### Given entries ###
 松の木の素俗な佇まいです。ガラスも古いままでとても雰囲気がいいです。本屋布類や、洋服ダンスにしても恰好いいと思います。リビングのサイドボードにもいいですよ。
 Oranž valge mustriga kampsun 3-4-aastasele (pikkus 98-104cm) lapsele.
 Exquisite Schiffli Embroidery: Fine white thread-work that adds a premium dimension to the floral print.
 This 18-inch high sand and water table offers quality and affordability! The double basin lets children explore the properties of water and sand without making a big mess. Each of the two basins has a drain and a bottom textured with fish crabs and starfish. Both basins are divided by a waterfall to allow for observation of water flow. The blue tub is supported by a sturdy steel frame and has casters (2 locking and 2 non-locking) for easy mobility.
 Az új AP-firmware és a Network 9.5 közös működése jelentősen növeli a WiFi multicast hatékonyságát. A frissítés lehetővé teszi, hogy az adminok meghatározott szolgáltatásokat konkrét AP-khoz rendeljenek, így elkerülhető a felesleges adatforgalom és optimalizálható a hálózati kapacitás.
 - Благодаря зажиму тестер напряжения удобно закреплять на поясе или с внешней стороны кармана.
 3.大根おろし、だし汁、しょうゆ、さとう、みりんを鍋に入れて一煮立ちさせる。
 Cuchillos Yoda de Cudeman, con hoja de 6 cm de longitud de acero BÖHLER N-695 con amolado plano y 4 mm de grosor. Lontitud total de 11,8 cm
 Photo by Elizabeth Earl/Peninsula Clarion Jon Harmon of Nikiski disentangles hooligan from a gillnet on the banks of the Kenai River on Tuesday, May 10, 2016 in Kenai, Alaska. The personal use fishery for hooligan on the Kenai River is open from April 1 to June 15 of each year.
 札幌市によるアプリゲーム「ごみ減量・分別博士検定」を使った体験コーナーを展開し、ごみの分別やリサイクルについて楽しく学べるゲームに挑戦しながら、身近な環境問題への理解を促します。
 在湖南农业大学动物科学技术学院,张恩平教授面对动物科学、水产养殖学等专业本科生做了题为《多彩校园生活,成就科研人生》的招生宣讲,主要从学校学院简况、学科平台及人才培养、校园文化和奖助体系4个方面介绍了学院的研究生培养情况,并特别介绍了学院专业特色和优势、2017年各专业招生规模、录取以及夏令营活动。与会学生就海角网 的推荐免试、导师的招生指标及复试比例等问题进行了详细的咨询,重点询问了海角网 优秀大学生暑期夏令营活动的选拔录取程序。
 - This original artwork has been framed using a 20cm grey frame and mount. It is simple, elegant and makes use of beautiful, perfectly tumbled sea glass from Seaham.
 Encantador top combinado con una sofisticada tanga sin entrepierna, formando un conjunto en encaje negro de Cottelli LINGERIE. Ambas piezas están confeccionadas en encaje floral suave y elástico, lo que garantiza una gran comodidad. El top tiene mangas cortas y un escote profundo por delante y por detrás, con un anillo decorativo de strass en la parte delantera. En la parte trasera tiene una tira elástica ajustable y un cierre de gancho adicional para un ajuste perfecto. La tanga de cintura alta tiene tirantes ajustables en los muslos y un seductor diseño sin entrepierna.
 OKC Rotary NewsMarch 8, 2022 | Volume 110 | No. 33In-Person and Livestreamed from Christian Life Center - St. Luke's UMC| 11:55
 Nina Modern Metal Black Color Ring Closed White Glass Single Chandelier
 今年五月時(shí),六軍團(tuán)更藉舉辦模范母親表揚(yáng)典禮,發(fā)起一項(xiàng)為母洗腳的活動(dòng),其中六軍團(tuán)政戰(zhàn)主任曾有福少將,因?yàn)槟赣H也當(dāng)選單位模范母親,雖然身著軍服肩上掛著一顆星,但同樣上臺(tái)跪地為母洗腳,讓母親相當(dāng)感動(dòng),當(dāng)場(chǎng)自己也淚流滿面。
###
From the records above, return each line where "frame" occurs.

[Response box]
 This 18-inch high sand and water table offers quality and affordability! The double basin lets children explore the properties of water and sand without making a big mess. Each of the two basins has a drain and a bottom textured with fish crabs and starfish. Both basins are divided by a waterfall to allow for observation of water flow. The blue tub is supported by a sturdy steel frame and has casters (2 locking and 2 non-locking) for easy mobility.
 - This original artwork has been framed using a 20cm grey frame and mount. It is simple, elegant and makes use of beautiful, perfectly tumbled sea glass from Seaham.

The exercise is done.